_Provided data_.

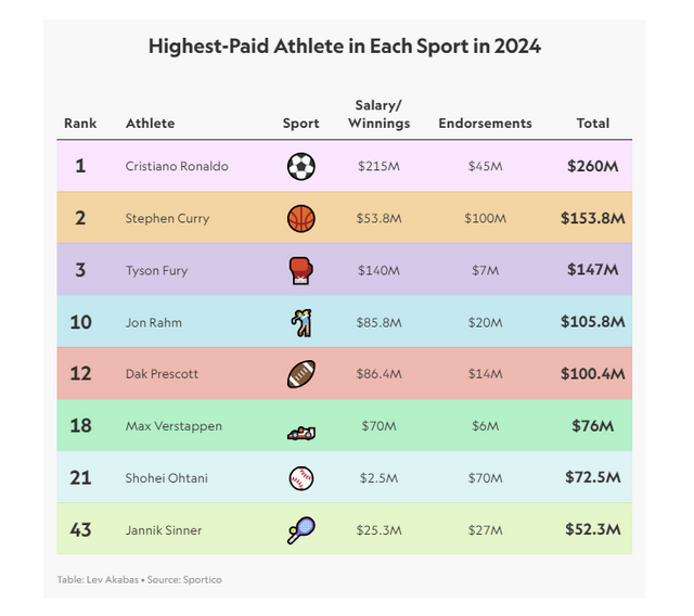 2024년 수입 3위는 1억 4700만 달러(2137억원)의 권투 선수 타이슨 퓨리(영국)가 차지했다. 4~5위는 리오넬 메시(아르헨티나·1962억원)와 르브론 제임스(미국·1936억원)가 이름을 올렸다.
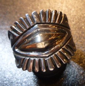 ヘビーゲージ×立体感あるスタンプワークで仕上がった、ナバホ族のリングになります。
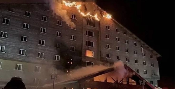 وأوضح أن الحريق اندلع في الفندق الواقع في منتجع كارتالكايا للتزلج عند الساعة 3:27 صباحاً بتوقيت غرينيتش.

_Task directions_. Do not include the images; transcribe the rest of the listing exactly.

_Task solution_.
 2024년 수입 3위는 1억 4700만 달러(2137억원)의 권투 선수 타이슨 퓨리(영국)가 차지했다. 4~5위는 리오넬 메시(아르헨티나·1962억원)와 르브론 제임스(미국·1936억원)가 이름을 올렸다.
 ヘビーゲージ×立体感あるスタンプワークで仕上がった、ナバホ族のリングになります。
 وأوضح أن الحريق اندلع في الفندق الواقع في منتجع كارتالكايا للتزلج عند الساعة 3:27 صباحاً بتوقيت غرينيتش.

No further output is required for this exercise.